So many of you wrote expressing your angst about cleaning up after people who inevitably type two spaces after every period that I figured I’d devote this issue to showing you how to get rid of the double spaces – easily and quickly.

In fact, you can record a macro that does the trick, and it’ll take you all of about thirty seconds. Here’s how:

> Click Tools | Macro | Record New Macro

> In the Macro Name box type ReplaceTwoSpaces (or something equally indicative). Click OK.

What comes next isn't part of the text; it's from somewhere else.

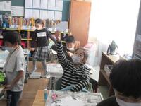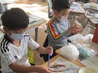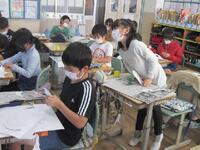 3年生図工の授業は、紙版画の制作です。テーマは「芋掘りの楽しさが伝わる体の動き」です。まずは、まゆげ、白目はな、耳、口、髪の毛など、顔の表情から作っています。そしてどのような体に動きにするかについて先生がいくつかのヒントを与えていました。どんな作品ができるか楽しみです。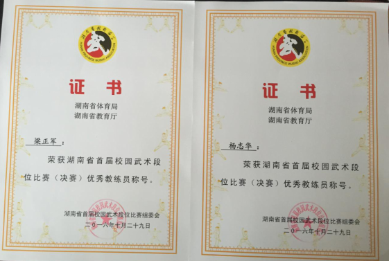 10月29日,“湖南省首届校园武术段位比赛”在湖南师大附中高新实验中学圆满落幕,本次比赛由湖南省体育局、湖南省教育厅联合主办,湖南省校园武术段位制推广领导小组办公室和湖南省武术协会承办。全省共计62所大中小学1300多名武术运动员参赛,太阳成官网荣获本次比赛“一等奖”,梁正军老师、杨志华老师获得“优秀教练员”称号。(体育学院供稿)

> The macro recorder is going. You can see the Recording toolbar.

> Click Edit | Replace. In the Find What box type a period followed by two spaces. In the Replace With box type a period followed by one space. Click Replace All.

> Over on the Recording toolbar click the button on the left – the one that says Stop Recording.

You now have a macro called ReplaceTwoSpaces that replaces every occurrence of period-space-space with period-space.

To make put a button on one of your toolbars to make it easier to run that macro:

> Click Tools | Customize | Commands.

> Make sure the box marked Save in: says normal.dot

> Under Categories (on the left) click Macros

> Under Commands (on the right) click and drag Normal.NewMacros.ReplaceTwoSpaces to a convenient location on any of your toolbars.

> Right-click the new toolbar button, which says Normal.NewMacros.ReplaceTwoSpaces, and in the Name box, type a much better name for the toolbar button (say, ZapSpaces).

> In the Customize dialog box, click Close.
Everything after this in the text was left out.